A frost flower or ice flower is formed when thin layers of ice are extruded from long-stemmed plants in autumn or early winter. The thin layers of ice are often formed into exquisite patterns, curling into "petals" which resemble flowers.

== Types ==
Frost flower formations are also referred to as frost faces, ice castles, ice blossoms, or crystallofolia.

Types of frost flowers include needle ice, frost pillars, or frost columns, extruded from pores in the soil, and ice ribbons, rabbit frost, or rabbit ice, extruded from linear fissures in plant stems. The term "ice flower" is also used as synonym for ice ribbons, but it may be used to describe the unrelated phenomenon of window frost as well.

== Formation ==
The formation of frost flowers is dependent on a freezing weather condition occurring when the ground is not already frozen. The sap in the stem of the plants will expand (water expands when frozen), causing long, thin cracks to form along the length of the stem. Water is then drawn through these cracks via capillary action and freezes upon contact with the air. As more water is drawn through the cracks it pushes the thin ice layers further from the stem, causing a thin "petal" to form.

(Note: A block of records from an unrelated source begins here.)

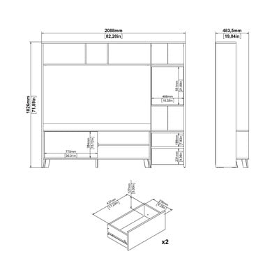 Next TV zostava od značky Tvilum kombinuje škandinávsky štýl s praktickosťou. Bielo-dubový dizajn s rozmermi 209x183x48 cm ponúka elegantné riešenie pre vašu obývaciu izbu. Zostava zahŕňa otvorené police s prepážkami, skrytý úložný priestor, spodnú otvorenú časť s posuvnými dvierkami a dva priestranné šuplíky. Ideálne na usporiadanie vašich médií a elektroniky, pričom dodáva priestoru moderný vzhľad.
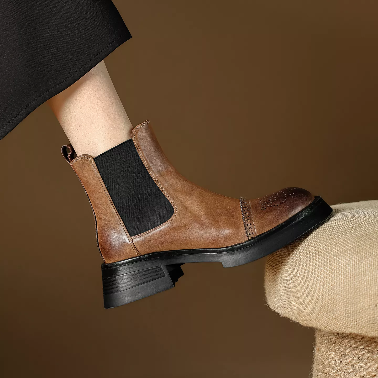 Women’s Buckle Chelsea Boots – Handmade Genuine Leather, Round Toe, Low Heel Ankle Boots
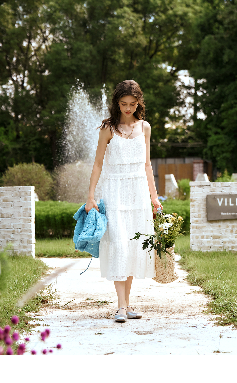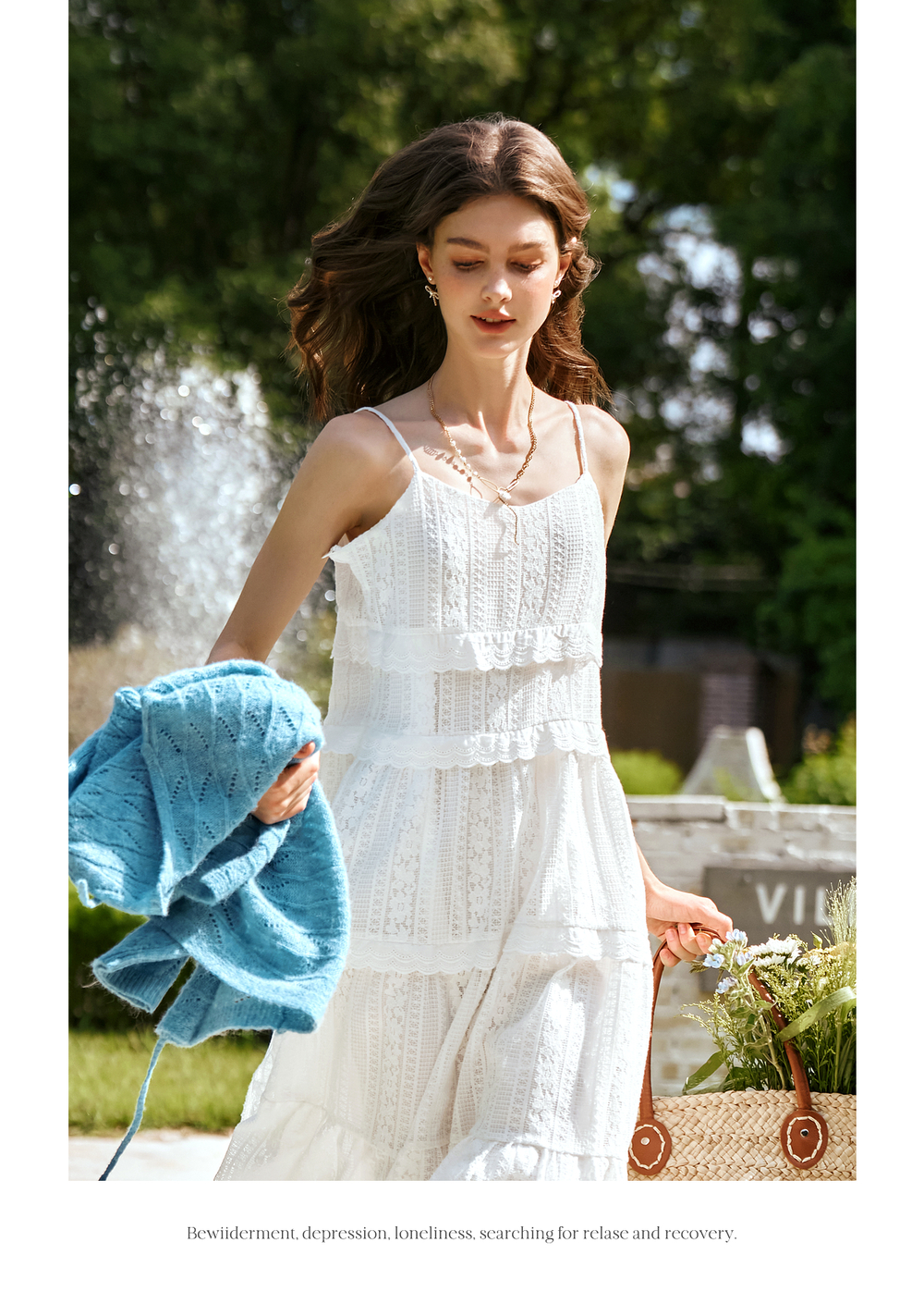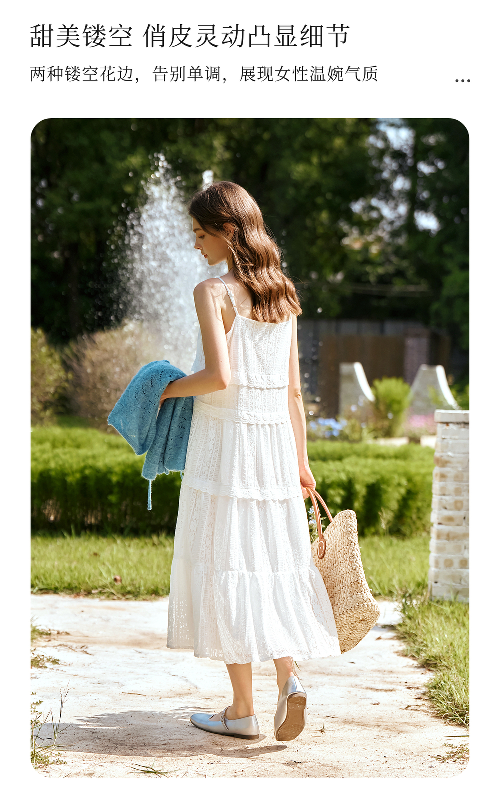 OLrain欧芮儿白色吊带连衣裙女春季2025年新款法式纯欲风蕾丝裙

The petals of frost flowers are very delicate and will break when touched. They usually melt or sublime when exposed to sunlight and are usually visible in the early morning or in shaded areas.

Examples of plants that often form frost flowers are white crownbeard (Verbesina virginica), commonly called frostweed, yellow ironweed (Verbesina alternifolia), dittany (Cunila origanoides), Helianthemum canadense, and Isodon henryi.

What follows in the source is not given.